本発明は、質量分析装置および質量分析方法に関する。
セシウムの安定同位体は133Csであり、土壌、植物などに含まれている。一方、セシウムの放射性同位体としては、134Cs、137Csがあり、これらの放射性同位体は半減期が比較的短いために、天然には存在しないが、日本では原発事故により、相当量の134Cs、137Csが環境中に放出されたとみられている。環境中に放出された134Cs、137Csの分析には通常、ガンマ線検出器などの放射線測定器が用いられる。しかしながら、放射線は等方的に放出されるため、放射性物質の分布を示す画像化はガンマ線カメラなどにより可能ではあるが、ミリメートル以下の対象には空間分解能が低いため適用できない。

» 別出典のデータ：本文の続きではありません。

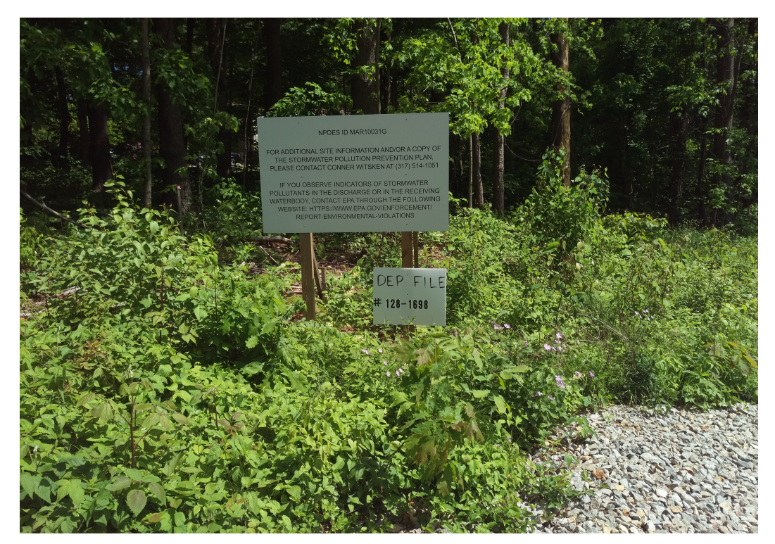
View of NPDES signage at entrance — facing southeast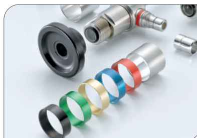
Color of serial ring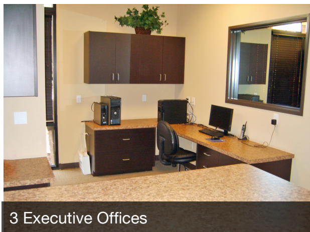
3 Executive Offices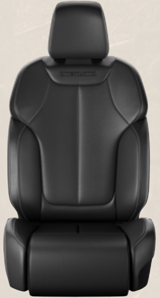
Ventilated Nappa Leather and Axis II Perforations with Light Tungsten accent stitching, Diesel Gray piping and embossed Overland logo — Global Black (Standard with Luxury Tech Group IV)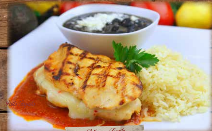
Pollo con Tequila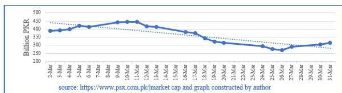
Figure 7: Market capitalization of Cement Sector

Table 6 shows that the maximum loss is faced by Dandot Cement Company Limited (DNCC) with 39% decrease in its share price. COVID 19 has also put lot of stress on cement sector, both on the local and international demand. 80% of our cement is exported to two major importers, Sri Lanka and Bangladesh, and they too are facing lock down situation. Due to reduced demand 11 plants are completely shutdown and remaining 14 plants are in partial shutdown phase.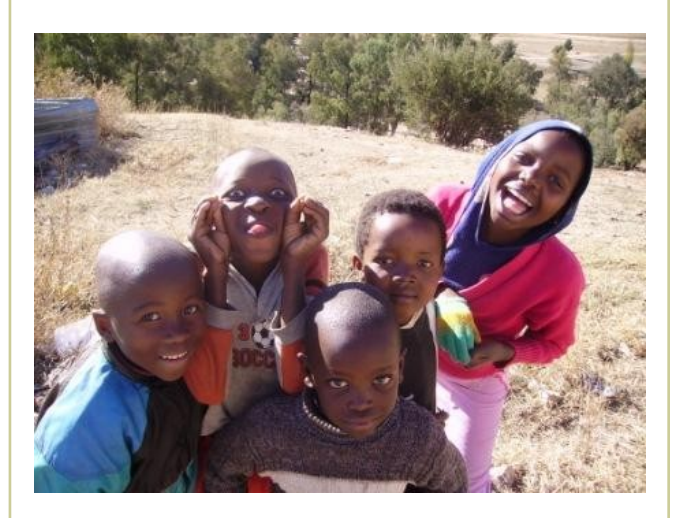
Bastotho Children, 2009.

I would wager that many of you have had experiences such as these. For me, it is these stories, and so many others, that drive me to continue to investigate the links between nutrition and HIV, in a way that considers not only the biological synergy, but also the socio-cultural implications. I think of these women often, considering their tough choices and wondering if I would, or could, choose differently.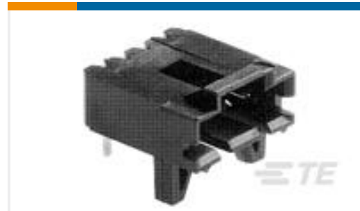
TE Part #5-103673-8 9 MTE HDR SRRA LATCH W/HLDWN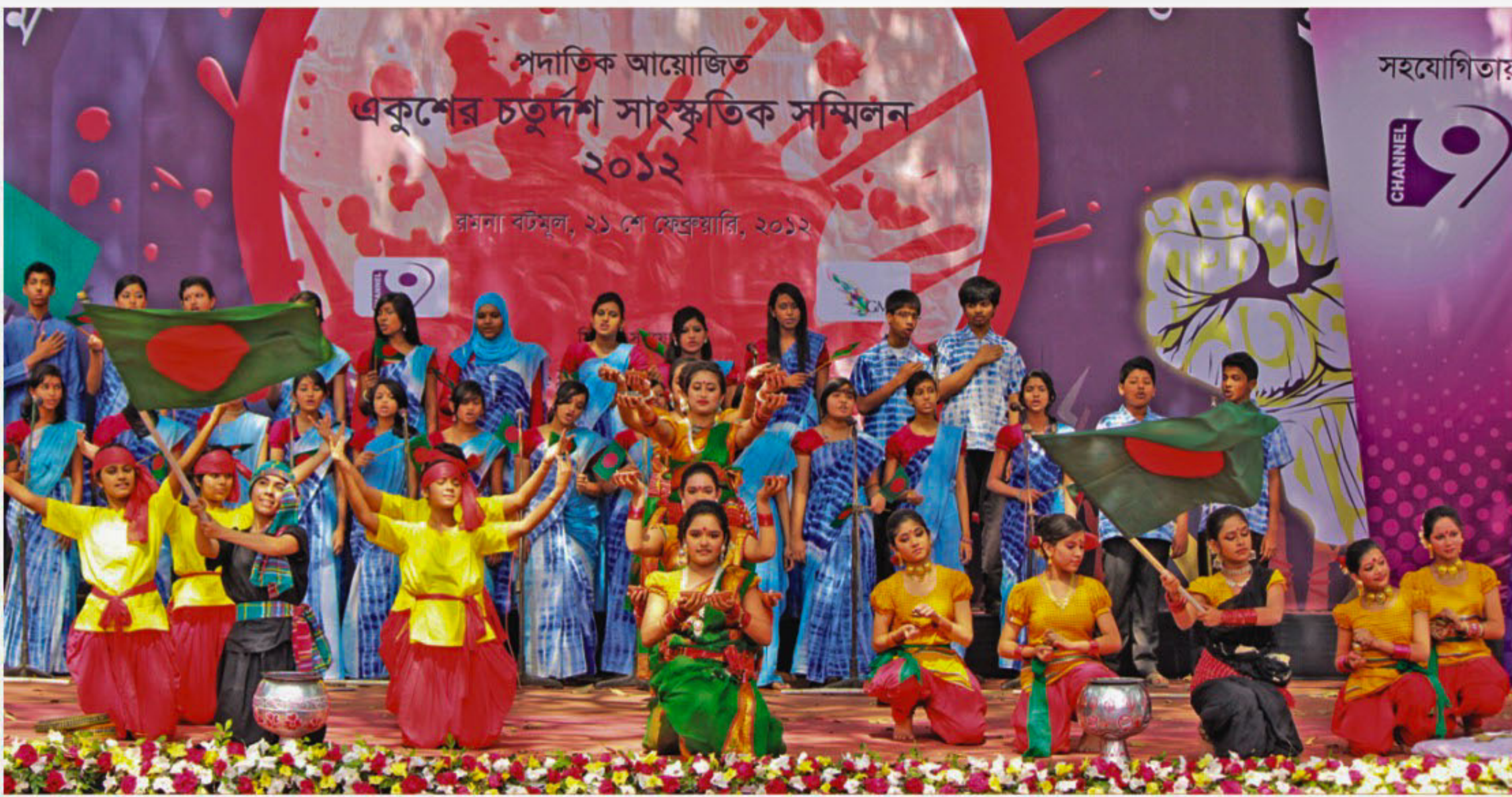
Students of Bangladesh International Tutorial (BIT) perform at the event.

一方、質量分析法を用いた場合、原子の重さを基準に識別するため、原理的には放射性Csを検出することが可能である。質量分析法においては種々のイオン化方法が存在するが、レーザ光を用いた共鳴イオン化法は特定の元素を選択的にイオン化できることが知られている。これを共鳴イオン化質量分析法(RIMS)という(例えば、非特許文献1を参照)。しかしながら、この方法は試料を加熱脱離させたガスの分析であり、微小視野(ミクロな視野)でのイメージングとは直結しない技術である。
また、質量分析法の一種であるイオンビームを用いた二次イオン質量分析法(SIMS)では、細く絞ったイオンビームを走査しながら、試料表面由来の二次イオン強度を記録することにより、微小視野での元素のイメージングが可能となっている(例えば、非特許文献2を参照)。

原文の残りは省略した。